Computer says no

Er is een nieuw tijdperk aangebroken in onze dorpsbibliotheek. Het tijdperk van de zelfscanner. Dat past ook bij de bib, want het is een groot modern gebouw met veel glas en een strak design. Het is handig hoor, die scanner. Super efficiënt. De baliemedewerkers kunnen zich nu met andere dingen bezig houden dan omgang met de bibliotheekbezoekers. Tot het verkeerd gaat. De machine meldt iemand dat er een boete te vereffenen valt. De baliemedewerker wordt er bij geroepen. Boetes worden aan een andere machine betaald, zegt ze. De mens aan de andere scanner heeft ook een vraag. Computer says no. En terwijl waagt iemand het om aan de balie te gaan staan, ook om een vraag te stellen. De bibvrouw raakt er duidelijk opgejaagd van en ze is een beetje kortaf tegen de persoon die aan de balie wacht. Bij mij verloopt het vlot, ik kan het helemaal alleen afhandelen. Zo’n computer krijgt mij niet klein. Maar een goeiedag krijg ik niet. De machine is niet bepaald vriendelijk. En de baliemedewerker bij wie ik niet meer moet passeren zegt ook niets. Ze kijkt zelfs niet meer op wanneer er mensen binnen- of buitenlopen.
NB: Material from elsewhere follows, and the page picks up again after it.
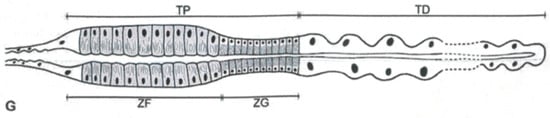 Representation of Machaerotidae nymphs Malpighian Tubules. TP = proximal tract, TD = distal tract, ZF = zone rich in fibrils, ZG = zone rich in granules. From Conti et al. [5].

Van de bib gaat het naar de Carrefour (eerst de boeken, dan het eten). ‘Lage prijzen, plezier inbegrepen’ kopt de slogan boven de ingang van de hyperketen. Plezier, hier? Seriously? Dit soort plekken probeer ik zoveel mogelijk te mijden. Teveel producten, teveel gangen, teveel winkelkarren en traag sloffend winkelvolk. Ik doe mijn ronde met de zelfscanner, dan gaat het afrekenen eens zo snel. Aan het afrekenstation dat nu blijkbaar helemaal zonder kassapersoneel werkt, krijg ik de heuglijke melding dat ik geselecteerd ben voor een herscanning. De vrouw naast mij krijgt exact dezelfde boodschap. ‘Shit,’ zegt ze, ‘ik dacht dat het rapper zou gaan met dat scannen.’ We voelen ons uitverkoren, maar op de verkeerde manier. Er branden onheilspellende rode lampjes aan onze computers, in afwachting van een medewerker. Ik krijg een beetje stress. Misschien ben ik iets vergeten scannen, zou het dat zijn? Het zou wel kunnen, met mijn warhoofd. Er komt iemand aan. Gehaast scant ze een paar producten ter controle. Een andere klant komt er ongeduldig met zijn kortingbonnetje bij staan, hij is duidelijk niet van plan om te wachten tot er een rood lampje brandt aan zijn computer. ‘Dit scant niet,’ deelt hij mee. De kassa-assistente krijgt er ook een beetje stress van. Dat ze zometeen komt kijken, maar eerst de controle moet afwerken, zegt ze wat afgemeten. De vriendelijkheid piekt in de buurt van al die digitale wonderdingen. Dan komen de voor mij verlossende woorden: ‘Het is in orde.’ Opluchting. Het lukt me gelukkig om zonder verder gestuntel en geheel op eigen kracht verder af te rekenen. Ik stop mijn portemonnee weer in mijn handtas en ben blij om me uit de voeten te kunnen maken.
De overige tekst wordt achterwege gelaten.